▸ **What the task requires**
With the images removed, write out every line below exactly.

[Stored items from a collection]
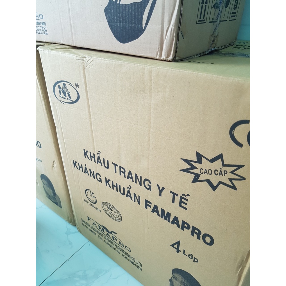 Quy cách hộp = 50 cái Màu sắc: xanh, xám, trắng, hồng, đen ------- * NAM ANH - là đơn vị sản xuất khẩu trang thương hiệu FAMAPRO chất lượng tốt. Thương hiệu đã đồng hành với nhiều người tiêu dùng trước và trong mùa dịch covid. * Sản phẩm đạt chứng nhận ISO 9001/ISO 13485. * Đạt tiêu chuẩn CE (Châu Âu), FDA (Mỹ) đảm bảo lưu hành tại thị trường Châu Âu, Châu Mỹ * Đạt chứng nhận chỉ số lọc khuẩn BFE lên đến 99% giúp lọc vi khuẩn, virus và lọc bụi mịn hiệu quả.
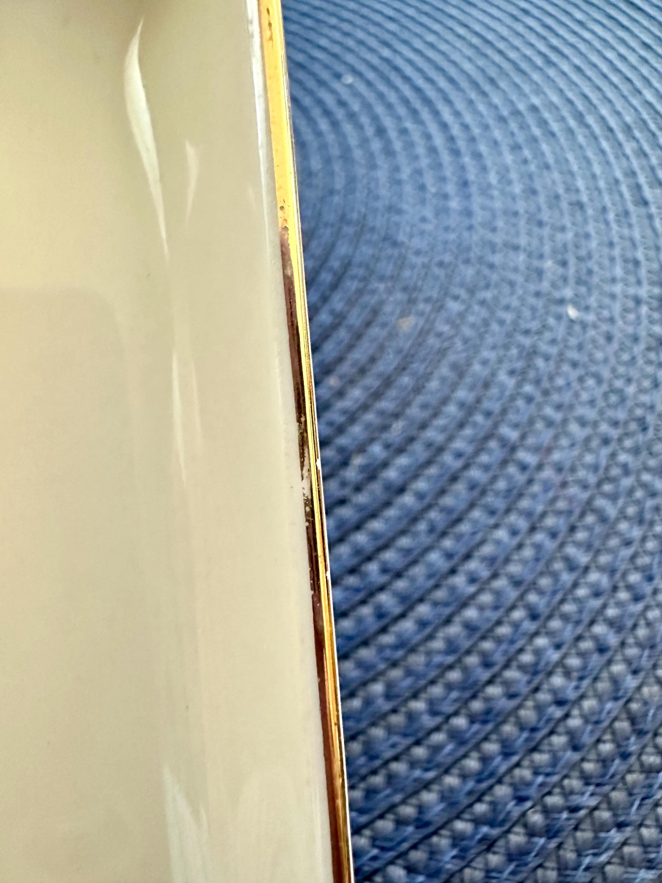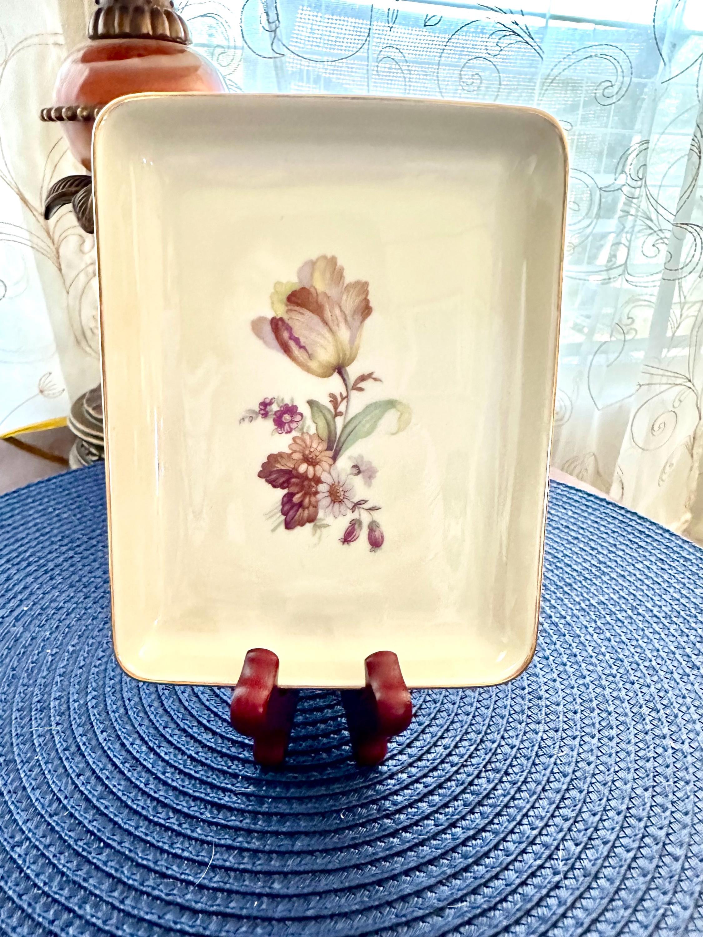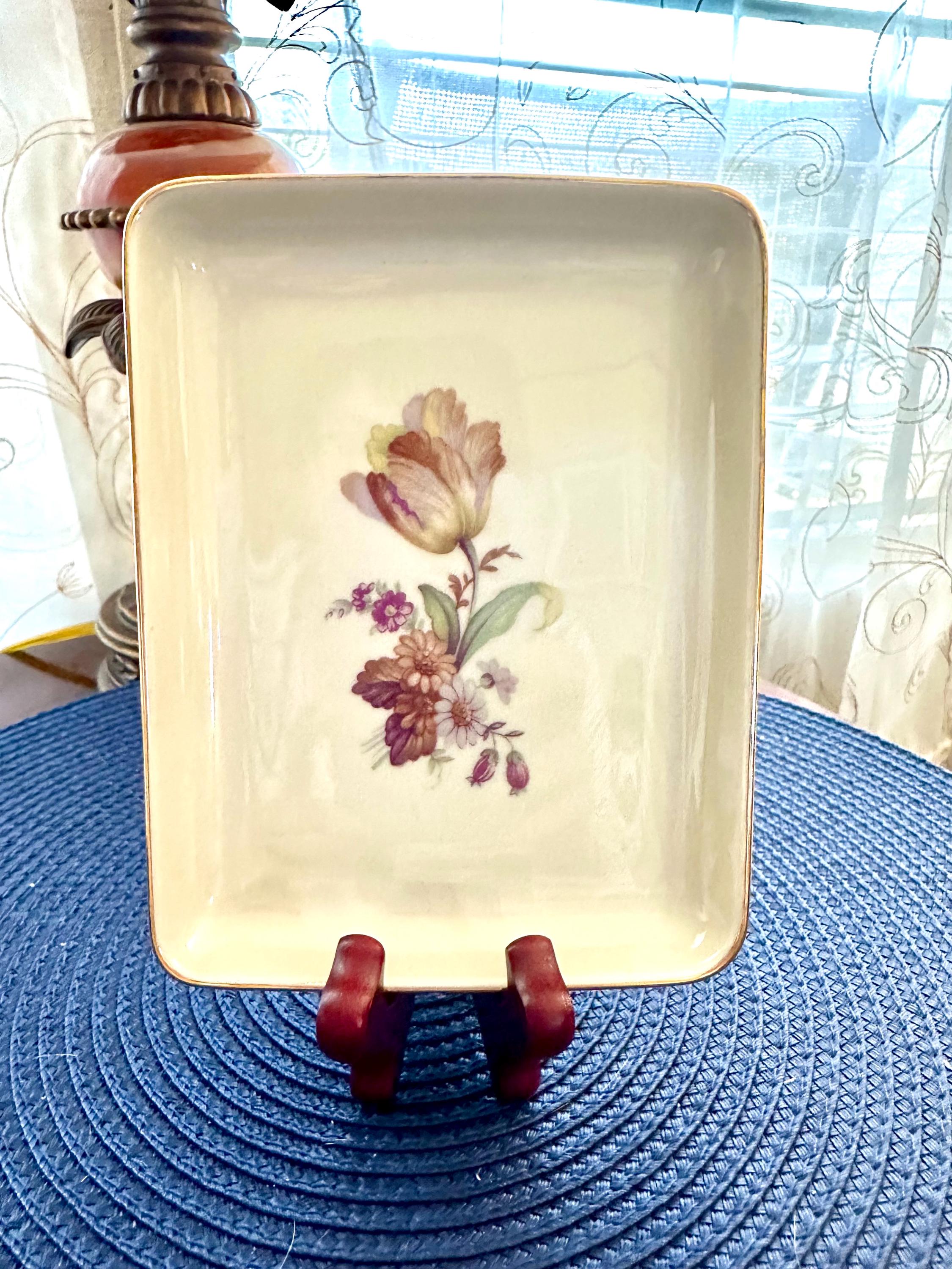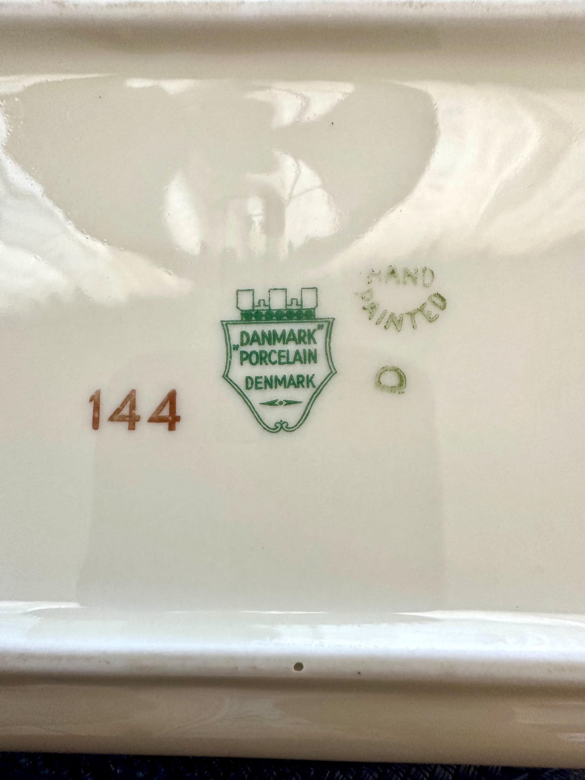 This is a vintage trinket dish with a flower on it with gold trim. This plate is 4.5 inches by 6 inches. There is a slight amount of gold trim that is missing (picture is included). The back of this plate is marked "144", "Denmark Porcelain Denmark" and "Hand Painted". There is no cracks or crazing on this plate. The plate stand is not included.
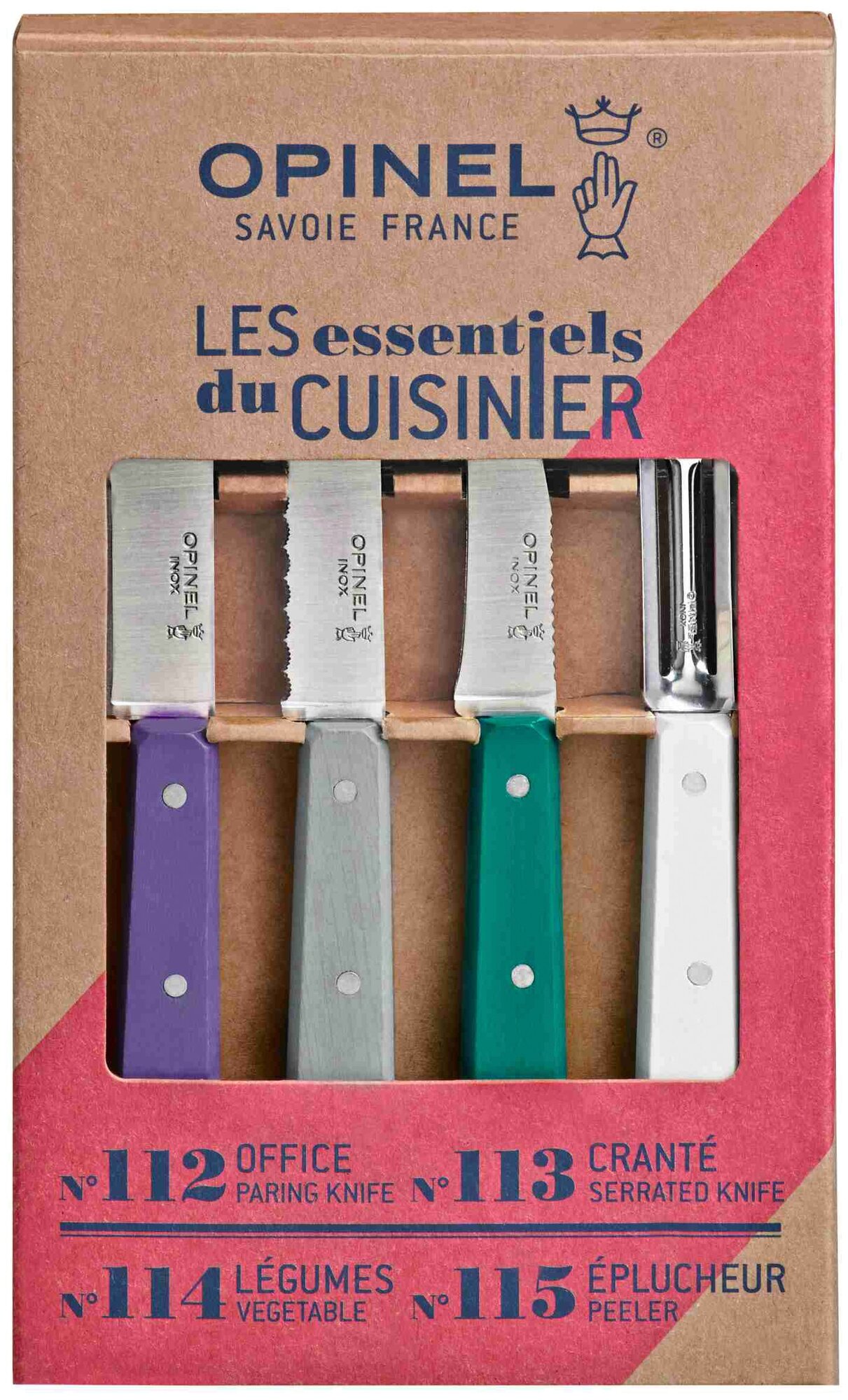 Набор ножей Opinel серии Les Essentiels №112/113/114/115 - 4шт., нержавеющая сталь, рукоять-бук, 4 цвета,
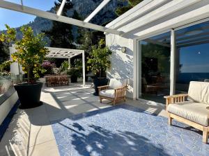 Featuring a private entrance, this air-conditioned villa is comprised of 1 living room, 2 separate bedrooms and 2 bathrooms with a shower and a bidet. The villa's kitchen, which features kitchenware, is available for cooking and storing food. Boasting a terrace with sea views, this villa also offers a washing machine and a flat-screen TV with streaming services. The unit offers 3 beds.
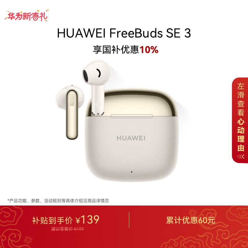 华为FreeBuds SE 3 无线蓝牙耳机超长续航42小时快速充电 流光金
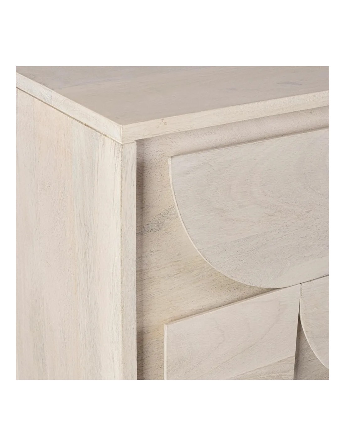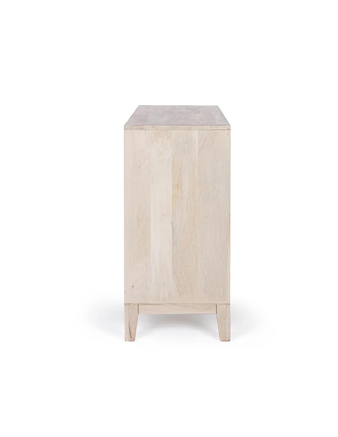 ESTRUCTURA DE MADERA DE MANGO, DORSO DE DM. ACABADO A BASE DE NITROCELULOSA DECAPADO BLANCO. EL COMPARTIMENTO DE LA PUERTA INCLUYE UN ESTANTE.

▸ **Result of this exercise**
 Quy cách hộp = 50 cái Màu sắc: xanh, xám, trắng, hồng, đen ------- * NAM ANH - là đơn vị sản xuất khẩu trang thương hiệu FAMAPRO chất lượng tốt. Thương hiệu đã đồng hành với nhiều người tiêu dùng trước và trong mùa dịch covid. * Sản phẩm đạt chứng nhận ISO 9001/ISO 13485. * Đạt tiêu chuẩn CE (Châu Âu), FDA (Mỹ) đảm bảo lưu hành tại thị trường Châu Âu, Châu Mỹ * Đạt chứng nhận chỉ số lọc khuẩn BFE lên đến 99% giúp lọc vi khuẩn, virus và lọc bụi mịn hiệu quả.
 This is a vintage trinket dish with a flower on it with gold trim. This plate is 4.5 inches by 6 inches. There is a slight amount of gold trim that is missing (picture is included). The back of this plate is marked "144", "Denmark Porcelain Denmark" and "Hand Painted". There is no cracks or crazing on this plate. The plate stand is not included.
 Набор ножей Opinel серии Les Essentiels №112/113/114/115 - 4шт., нержавеющая сталь, рукоять-бук, 4 цвета,
 Featuring a private entrance, this air-conditioned villa is comprised of 1 living room, 2 separate bedrooms and 2 bathrooms with a shower and a bidet. The villa's kitchen, which features kitchenware, is available for cooking and storing food. Boasting a terrace with sea views, this villa also offers a washing machine and a flat-screen TV with streaming services. The unit offers 3 beds.
 华为FreeBuds SE 3 无线蓝牙耳机超长续航42小时快速充电 流光金
 ESTRUCTURA DE MADERA DE MANGO, DORSO DE DM. ACABADO A BASE DE NITROCELULOSA DECAPADO BLANCO. EL COMPARTIMENTO DE LA PUERTA INCLUYE UN ESTANTE.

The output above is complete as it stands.